What you will do: Return all of the data verbatim, dropping any picture.

Information provided:

+ + + +

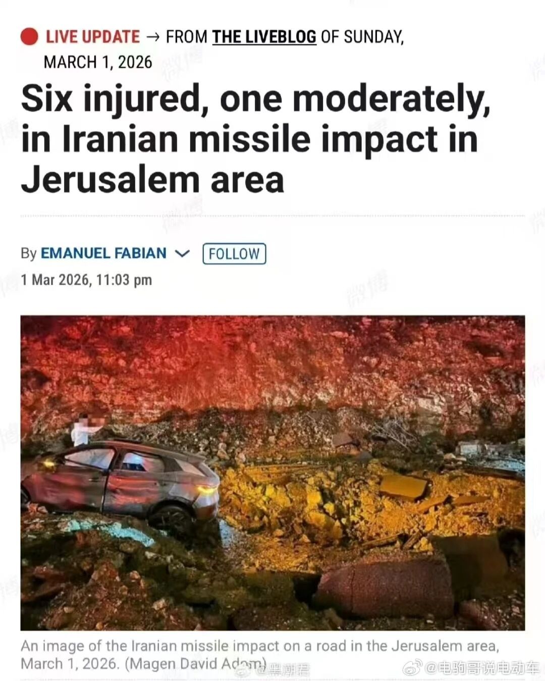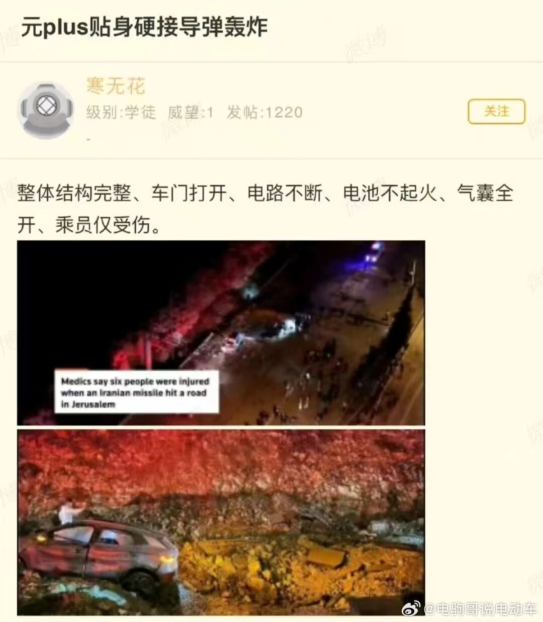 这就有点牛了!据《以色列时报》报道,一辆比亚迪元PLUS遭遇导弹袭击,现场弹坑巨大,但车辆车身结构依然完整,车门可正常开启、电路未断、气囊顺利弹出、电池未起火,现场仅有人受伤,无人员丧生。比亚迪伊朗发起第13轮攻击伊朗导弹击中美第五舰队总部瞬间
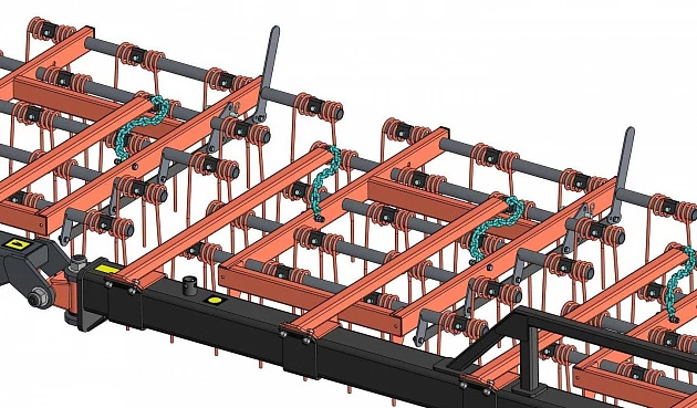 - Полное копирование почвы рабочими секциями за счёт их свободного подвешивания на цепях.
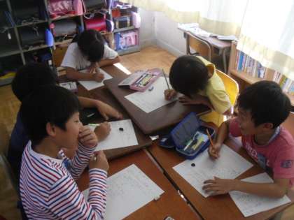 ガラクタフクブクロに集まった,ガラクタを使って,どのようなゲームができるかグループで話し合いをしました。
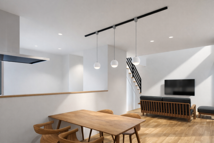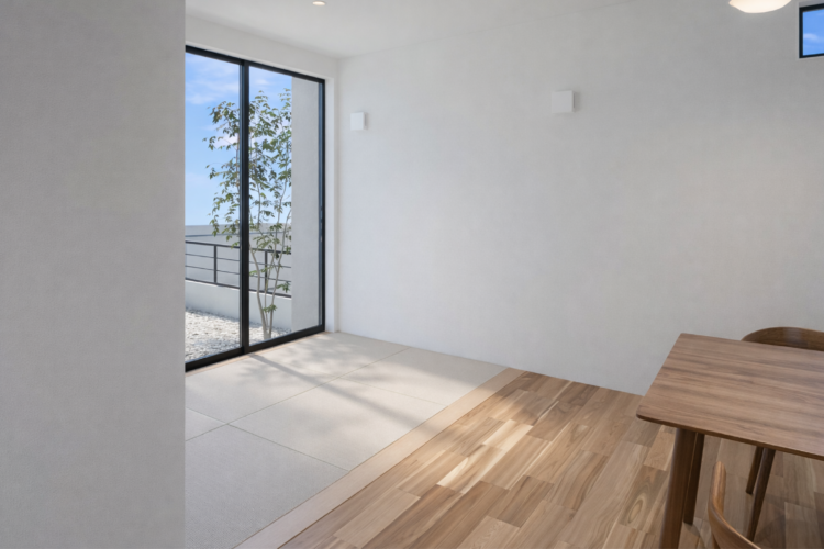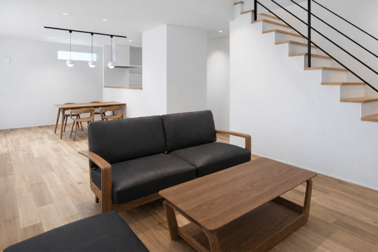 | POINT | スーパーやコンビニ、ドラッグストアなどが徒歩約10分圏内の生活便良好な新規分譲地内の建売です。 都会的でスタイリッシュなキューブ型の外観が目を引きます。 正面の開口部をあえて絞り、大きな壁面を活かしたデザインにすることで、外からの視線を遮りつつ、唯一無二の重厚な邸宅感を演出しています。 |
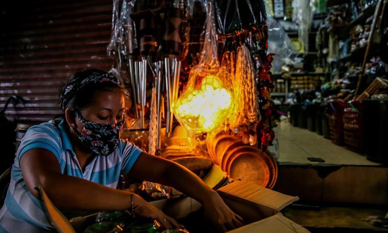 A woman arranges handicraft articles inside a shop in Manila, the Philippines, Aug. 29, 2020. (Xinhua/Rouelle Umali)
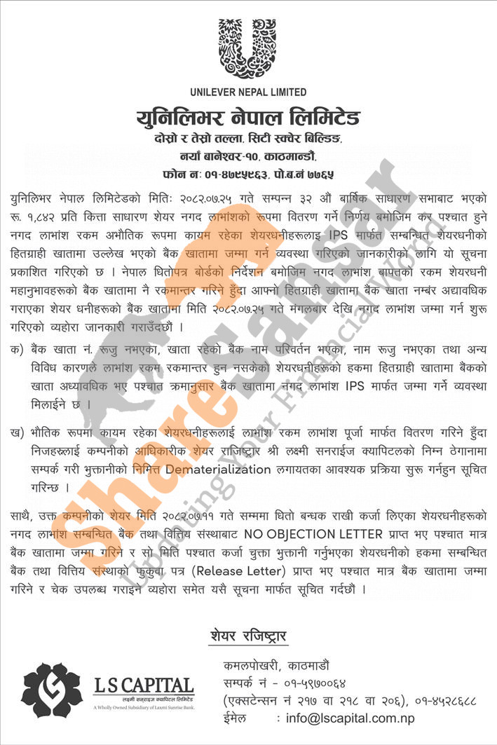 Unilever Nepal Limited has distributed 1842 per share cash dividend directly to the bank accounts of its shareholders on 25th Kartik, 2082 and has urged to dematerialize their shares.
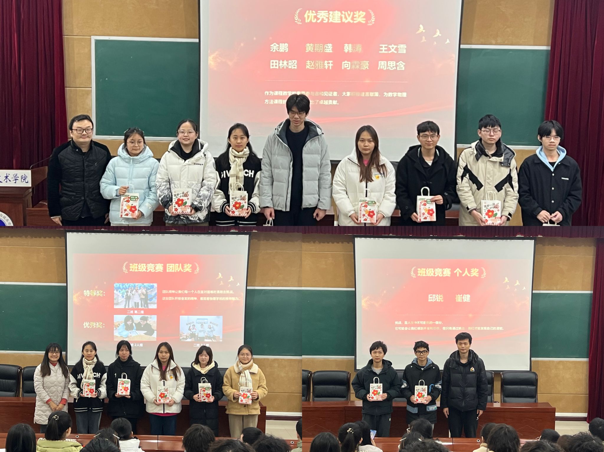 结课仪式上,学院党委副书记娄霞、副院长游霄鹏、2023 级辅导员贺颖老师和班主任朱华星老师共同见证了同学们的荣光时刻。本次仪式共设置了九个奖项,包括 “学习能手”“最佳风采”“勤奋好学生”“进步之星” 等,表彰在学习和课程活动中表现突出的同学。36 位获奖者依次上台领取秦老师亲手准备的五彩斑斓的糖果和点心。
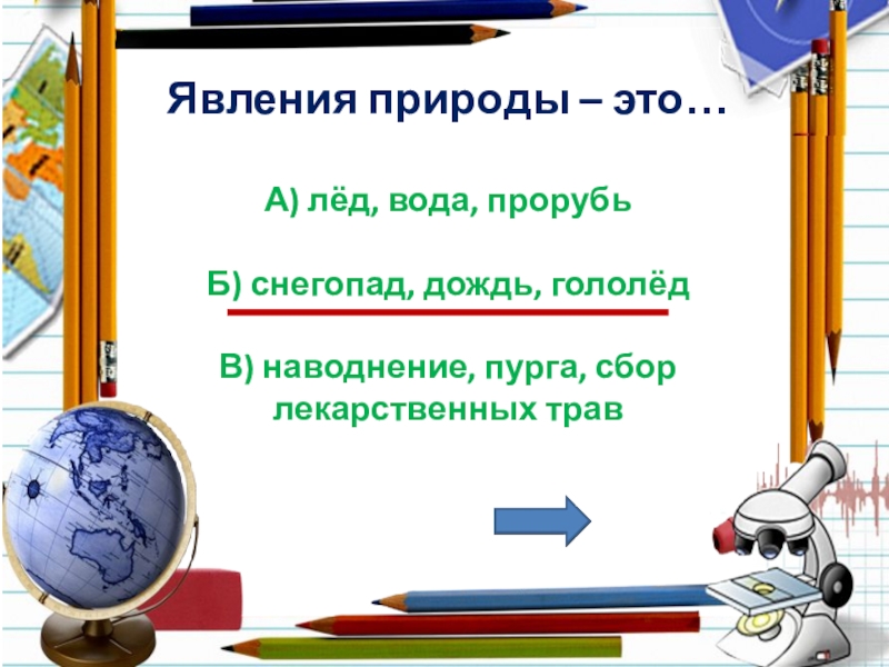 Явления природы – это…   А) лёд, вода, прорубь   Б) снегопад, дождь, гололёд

+ + + +

Answer section:
 这就有点牛了!据《以色列时报》报道,一辆比亚迪元PLUS遭遇导弹袭击,现场弹坑巨大,但车辆车身结构依然完整,车门可正常开启、电路未断、气囊顺利弹出、电池未起火,现场仅有人受伤,无人员丧生。比亚迪伊朗发起第13轮攻击伊朗导弹击中美第五舰队总部瞬间
 - Полное копирование почвы рабочими секциями за счёт их свободного подвешивания на цепях.
 ガラクタフクブクロに集まった,ガラクタを使って,どのようなゲームができるかグループで話し合いをしました。
 | POINT | スーパーやコンビニ、ドラッグストアなどが徒歩約10分圏内の生活便良好な新規分譲地内の建売です。 都会的でスタイリッシュなキューブ型の外観が目を引きます。 正面の開口部をあえて絞り、大きな壁面を活かしたデザインにすることで、外からの視線を遮りつつ、唯一無二の重厚な邸宅感を演出しています。 |
 A woman arranges handicraft articles inside a shop in Manila, the Philippines, Aug. 29, 2020. (Xinhua/Rouelle Umali)
 Unilever Nepal Limited has distributed 1842 per share cash dividend directly to the bank accounts of its shareholders on 25th Kartik, 2082 and has urged to dematerialize their shares.
 结课仪式上,学院党委副书记娄霞、副院长游霄鹏、2023 级辅导员贺颖老师和班主任朱华星老师共同见证了同学们的荣光时刻。本次仪式共设置了九个奖项,包括 “学习能手”“最佳风采”“勤奋好学生”“进步之星” 等,表彰在学习和课程活动中表现突出的同学。36 位获奖者依次上台领取秦老师亲手准备的五彩斑斓的糖果和点心。
 Явления природы – это…   А) лёд, вода, прорубь   Б) снегопад, дождь, гололёд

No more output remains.